Ученые разрабатывают методы проверки сетей регуляции генов: результаты показывают, как растения реагируют на ключевые питательные вещества в удобрениях

Ученые разрабатывают методы проверки сетей регуляции генов: результаты показывают, как растения реагируют на ключевые питательные вещества в удобрениях
Ученые разрабатывают методы проверки сетей регуляции генов: результаты показывают, как растения реагируют на ключевые питательные вещества в удобрениях

Команда биологов и ученых-компьютерщиков наметила сеть взаимодействий того, как гены растений координируют свою реакцию на азот, важнейшее питательное вещество и основной компонент удобрения. Работа, опубликованная в журнале Nature Communications, предлагает потенциальную основу и более эффективные методы, которые можно использовать для исследования широкого спектра жизненно важных путей в любом организме.
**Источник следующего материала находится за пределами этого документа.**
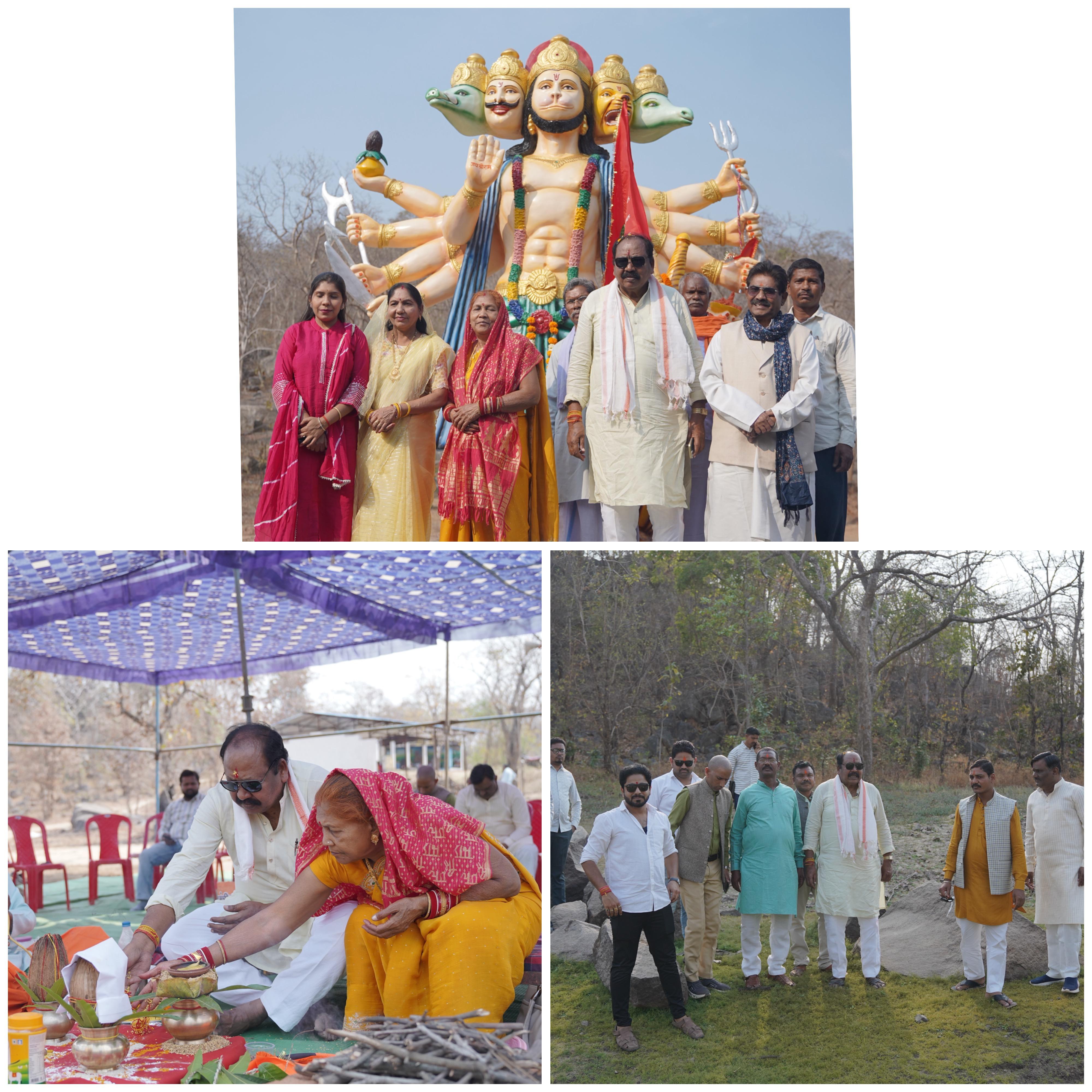 *रामायणी सांसद के नाम से सुशोभित, गोंडवाना समाज के राष्ट्रीय उपाध्यक्ष एवं कांकेर लोकसभा क्षेत्र के लोकप्रिय पूर्व सांसद मोहन मंडावी के गृह ग्राम गोटीटोला के पहाड़ पर चैत्र नवरात्रि के प्रथम दिवस, दिनांक 19 मार्च 2026, गुरुवार को पंचमुखी हनुमान जी की नवनिर्मित विशाल मूर्ति का विधिवत विग्रह एवं प्राण प्रतिष्ठा कार्यक्रम भव्य रूप से आयोजित किया गया।*

«Секвенирование целых геномов изменило науки о жизни, что привело к прорывам в медицине, сельском хозяйстве и фундаментальных исследованиях», - объясняет Мэтью Брукс, постдокторский сотрудник Национального института здоровья на факультете биологии Нью-Йоркского университета и ведущий автор статьи.. «Теперь задача состоит в том, чтобы определить, как гены, кодируемые организмом, регулируются и работают вместе в сетях, которые позволяют растениям и животным реагировать на окружающую среду».

Ученые, работающие в Центре геномики и системной биологии Нью-Йоркского университета, сосредоточились на сетях регуляции генов, которые состоят из факторов транскрипции и генов-мишеней, которые они регулируют. Эти регуляторные сети генов позволяют организмам адаптироваться к изменчивой среде.

Однако многоклеточные организмы, в которых существует большое количество транскрипционных факторов и генов-мишеней, которые они потенциально регулируют, представляют собой проблему для картирования всех связей. Характер взаимодействий в этих сложных сетях трудно экспериментально подтвердить с использованием обычных методов.

Чтобы преодолеть эти препятствия, команда, в которую также входили исследователи из Института математических наук Куранта при Нью-Йоркском университете, объединила инновационные экспериментальные и вычислительные методы, чтобы охарактеризовать генную сеть, лежащую в основе реакций азота. Исследование было сосредоточено на растении Arabidopsis, модельном организме для исследований, поскольку это первое растение, геном которого полностью секвенирован.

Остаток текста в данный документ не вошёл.